_Task prompt_. The data below should be printed in full, exactly, and without any of its images.

_Data below_.
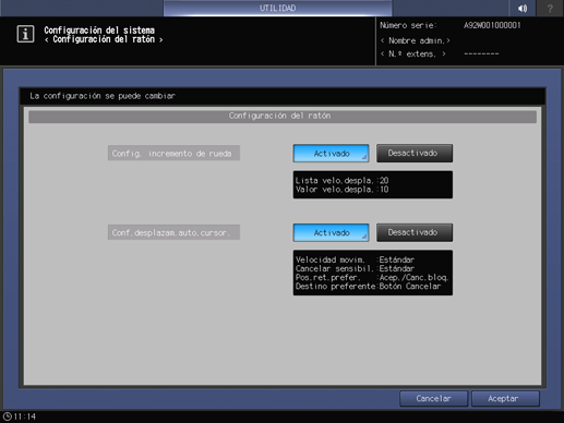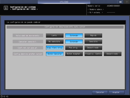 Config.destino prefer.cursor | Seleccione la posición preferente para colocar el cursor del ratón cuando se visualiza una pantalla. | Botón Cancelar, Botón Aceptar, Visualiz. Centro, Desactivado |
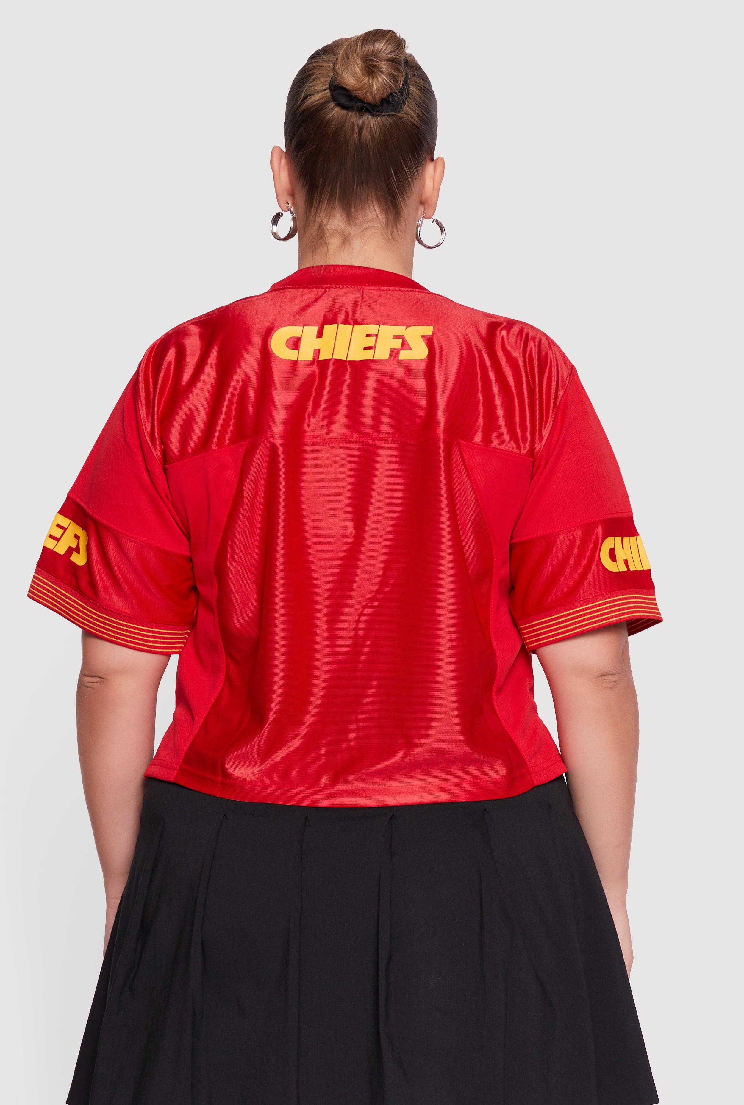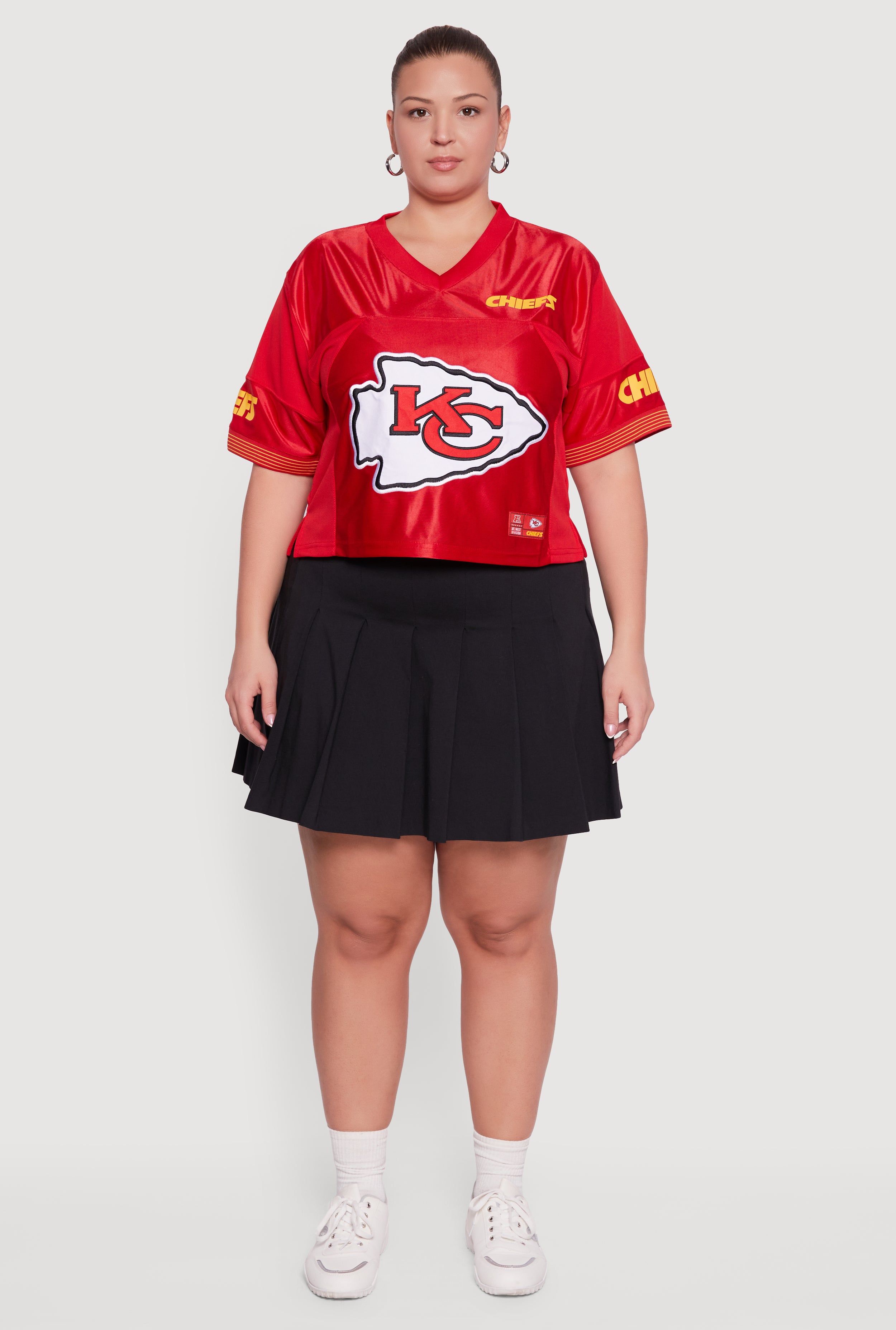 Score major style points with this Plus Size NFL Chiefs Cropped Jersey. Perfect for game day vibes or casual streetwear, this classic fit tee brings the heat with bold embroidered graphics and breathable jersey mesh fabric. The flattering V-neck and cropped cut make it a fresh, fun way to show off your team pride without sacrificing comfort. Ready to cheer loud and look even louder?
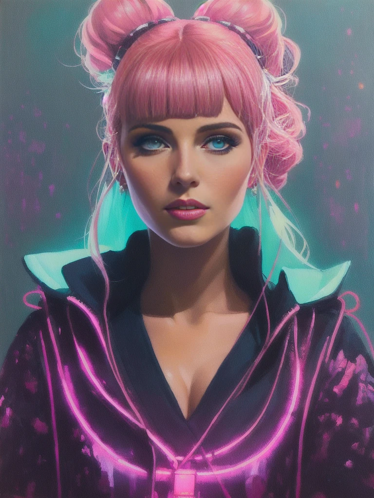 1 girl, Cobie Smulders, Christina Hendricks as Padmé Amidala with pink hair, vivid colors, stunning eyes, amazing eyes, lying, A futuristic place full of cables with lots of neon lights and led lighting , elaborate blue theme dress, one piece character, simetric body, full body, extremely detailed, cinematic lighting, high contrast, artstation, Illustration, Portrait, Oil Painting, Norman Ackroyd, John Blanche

_Your solution_.
 Config.destino prefer.cursor | Seleccione la posición preferente para colocar el cursor del ratón cuando se visualiza una pantalla. | Botón Cancelar, Botón Aceptar, Visualiz. Centro, Desactivado |
 Score major style points with this Plus Size NFL Chiefs Cropped Jersey. Perfect for game day vibes or casual streetwear, this classic fit tee brings the heat with bold embroidered graphics and breathable jersey mesh fabric. The flattering V-neck and cropped cut make it a fresh, fun way to show off your team pride without sacrificing comfort. Ready to cheer loud and look even louder?
 1 girl, Cobie Smulders, Christina Hendricks as Padmé Amidala with pink hair, vivid colors, stunning eyes, amazing eyes, lying, A futuristic place full of cables with lots of neon lights and led lighting , elaborate blue theme dress, one piece character, simetric body, full body, extremely detailed, cinematic lighting, high contrast, artstation, Illustration, Portrait, Oil Painting, Norman Ackroyd, John Blanche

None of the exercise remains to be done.